3.29.2007

the world is not flat




From the Center for Global Development:

In the 2005 WIDER Annual Lecture, “The World is not Flat: Inequality and Injustice in our Global Economy” (PDF), CGD President Nancy Birdsall addresses the challenge that global inequality poses for managing globalization so that it works for the developing world. She first argues that inequality matters to people. Moreover, in developing countries, where markets and politics are far-from-perfect, inequality can be destructive, reducing prospects for growth, poverty reduction, and good government. She then turns to a fundamental problem of globalization--that it is asymmetric, i.e. that it benefits the rich more than the poor, both within and across countries. Birdsall argues that the world is not flat as argued by New York Times columnist Thomas Friedman. Rather, what appears to be a level playing field to people on the surface is actually a field full of craters in which poor people and poor countries are stuck. Birdsall discusses the implications of these craters for shared prosperity, global security, and global social justice. She concludes by suggesting steps for addressing the core problem: We have a global economy but no effective global polity.

In the accompanying article Rising Inequality in the New Global Economy (PDF) Nancy Birdsall argues that globalization is disequalizing, rewarding the already rich while leaving the poor behind, and that we need a global polity to address the asymmetric impacts of globalization.

Download slides from the lecture "Why Inequality Matters in a Globalizing World" (PDF, 580KB) delivered October 26, 2005 at the World Institute for Development Economic Research (WIDER) in Helsinki, Finland.
And if you want physical proof of that inequality - look at our squatter colonies cheek by jowl against our exclusive gated communities.

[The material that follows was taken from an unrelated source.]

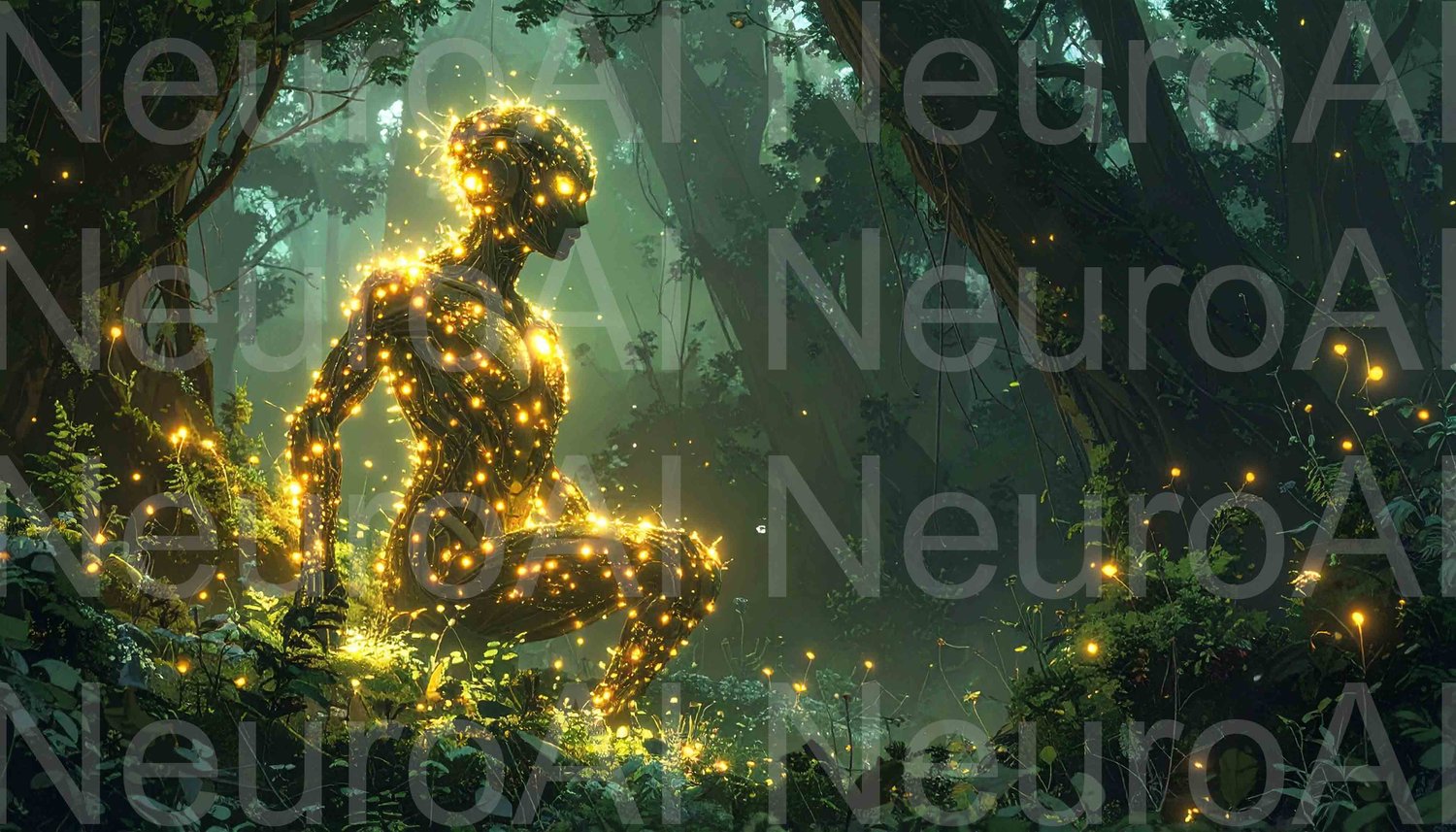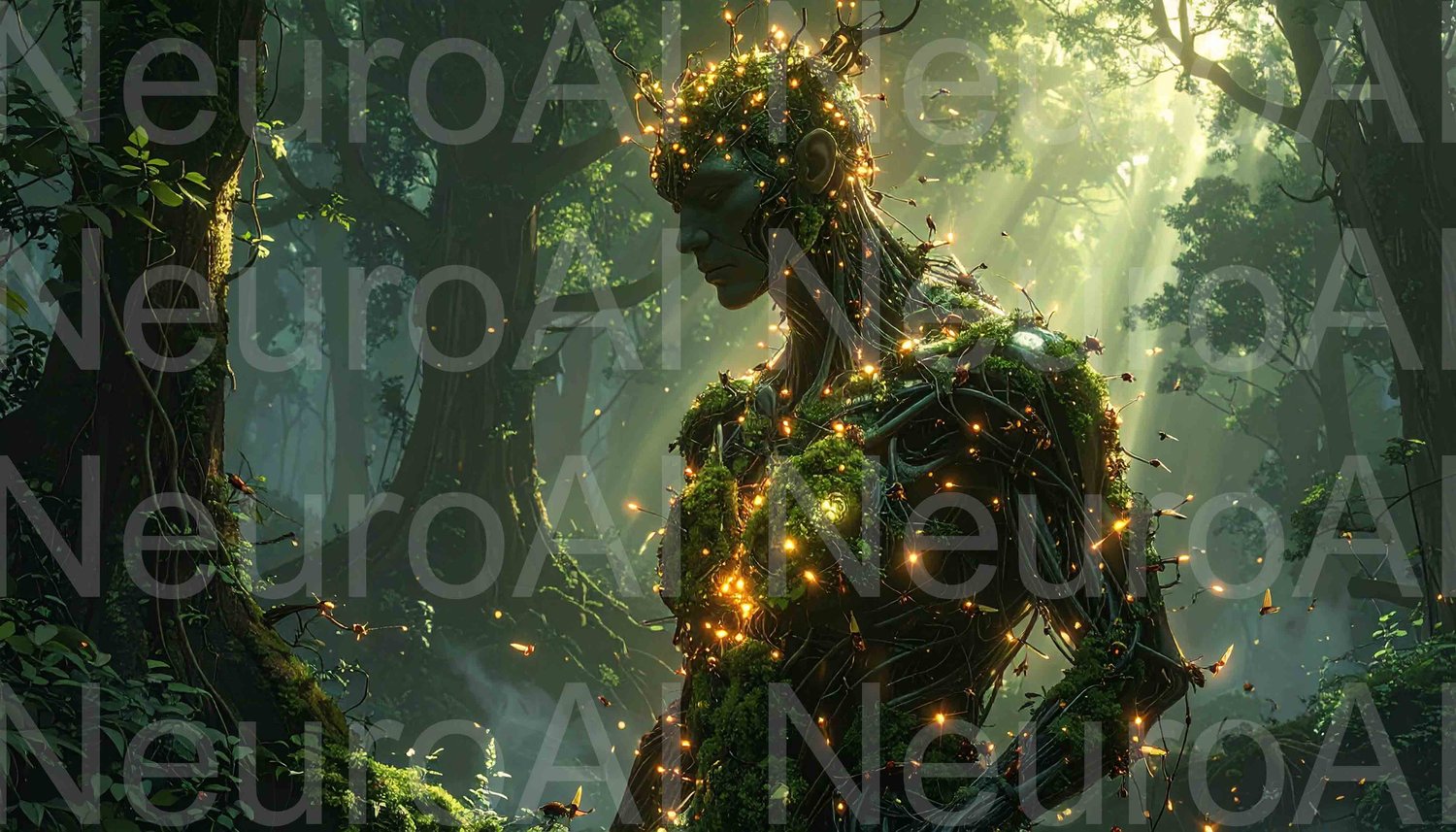 Glowing Forest Spirit Emerging in Enchanted Woodland Scene

The upside? It's a global problem that will precipitate a global search for solutions. That means there are lessons we can learn from all over the planet. We may even find some of our own.

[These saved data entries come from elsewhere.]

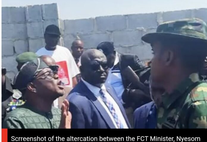 There was a heated confrontation on Tuesday between the Minister of the Federal Capital Territory, Nyesom Wike, and an unidentified military officer over an alleged land-grabbing incident at the Gaduwa District in Abuja.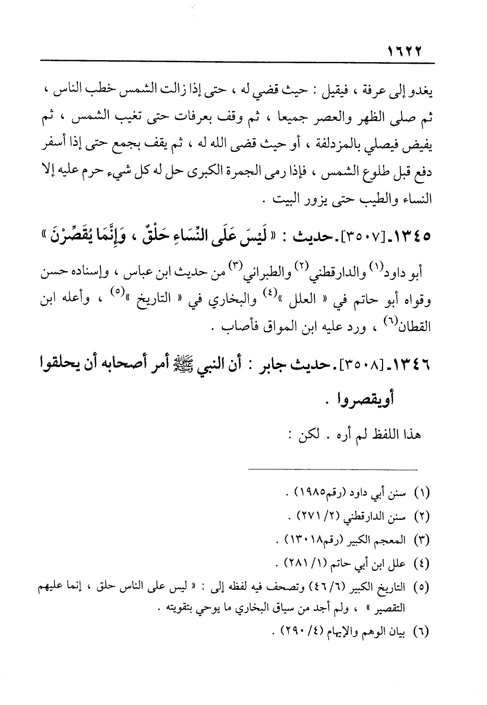 1345 - [3507]- حديث: "لَيْسَ عَلَى النِّسَاءِ حَلْقٌ، وإنَّمَا يُقَصِّرْنَ".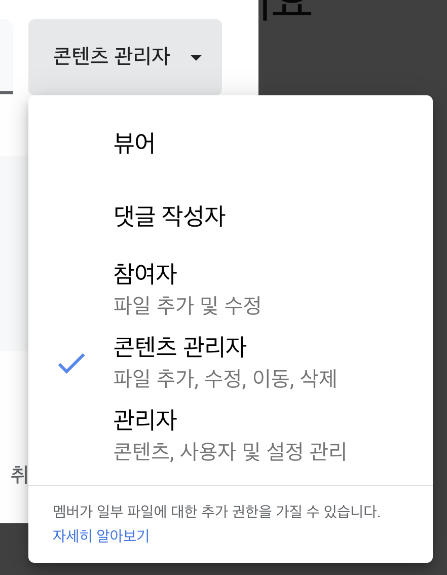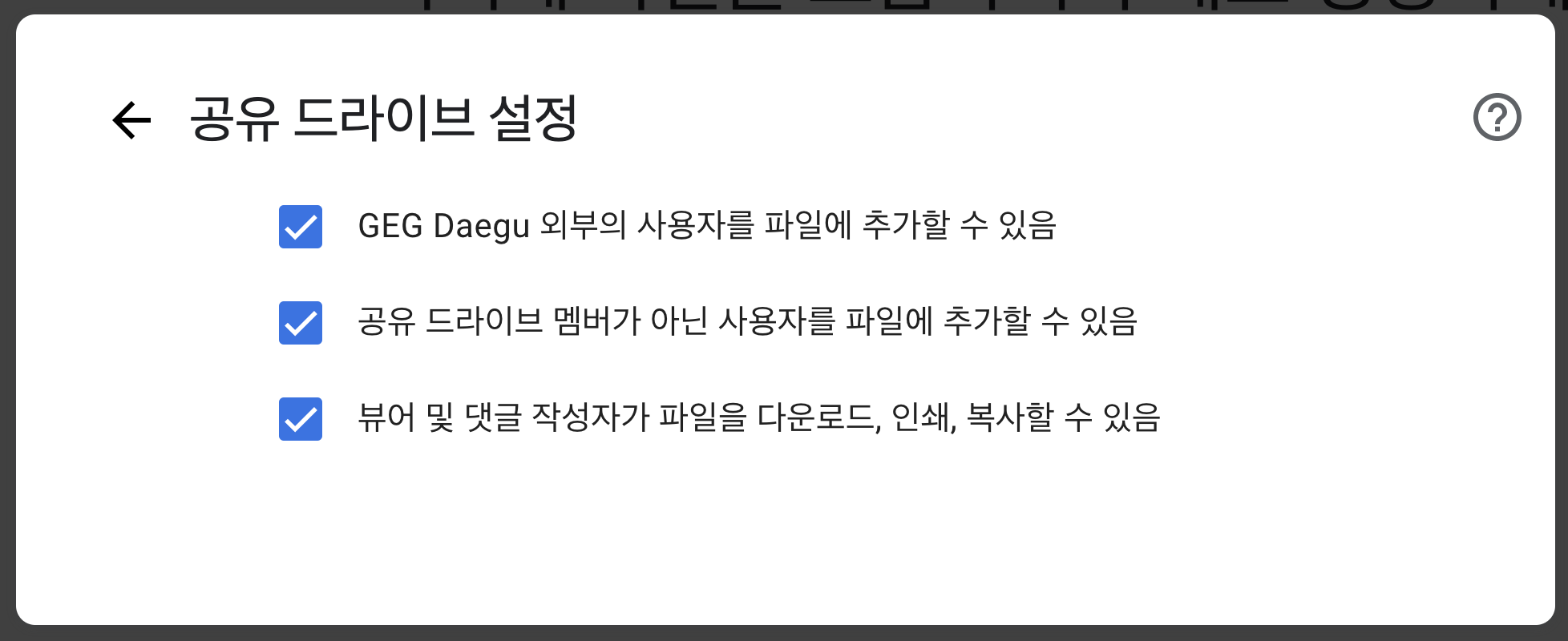 - 공유 드라이브 멤버가 아닌 사용자를 파일에 추가할 수 있음: 드라이브 안 특정 파일에 대한 권한입니다. 멤버가 아닌 사람도 파일을 보거나 편집하게 할 수 있습니다.

(This post, prompted in part by this post from manila rat.)

2 comments:

Anonymous said...

my sentiments exactly.

the issue confronting people on globalization is about the damaging effect it would have on the economy as a whole. i believe in the symbiotic relationships of nations. but like the galleon trade five centuries back, this idea may lead to exploitation.

a good thing about reading history is we could learn from it.

i second the emotion.

koikaze said...

A very large part of our world has studied the ideas of the great thinkers, and yet, we ravage our environment, war on others, and, here in America, live in a great nation crushed by corruption and cynicism. I read ... but I also think. I look around and see how well Will Durant described our progress when he wrote:

"Slowly the increasing complexity of tools and trades subjected the unskilled or weak to the skilled or strong; every invention was a new weapon in the hands of the strong, and further strengthened them in their mastery and use of the weak."

followed by

"So in our time that Mississippi of inventions which we call the Industrial Revolution has enormously intensified the natural inequality of men."

I wish I had the wit to suggest a better way to conduct ourselves ... but I don't.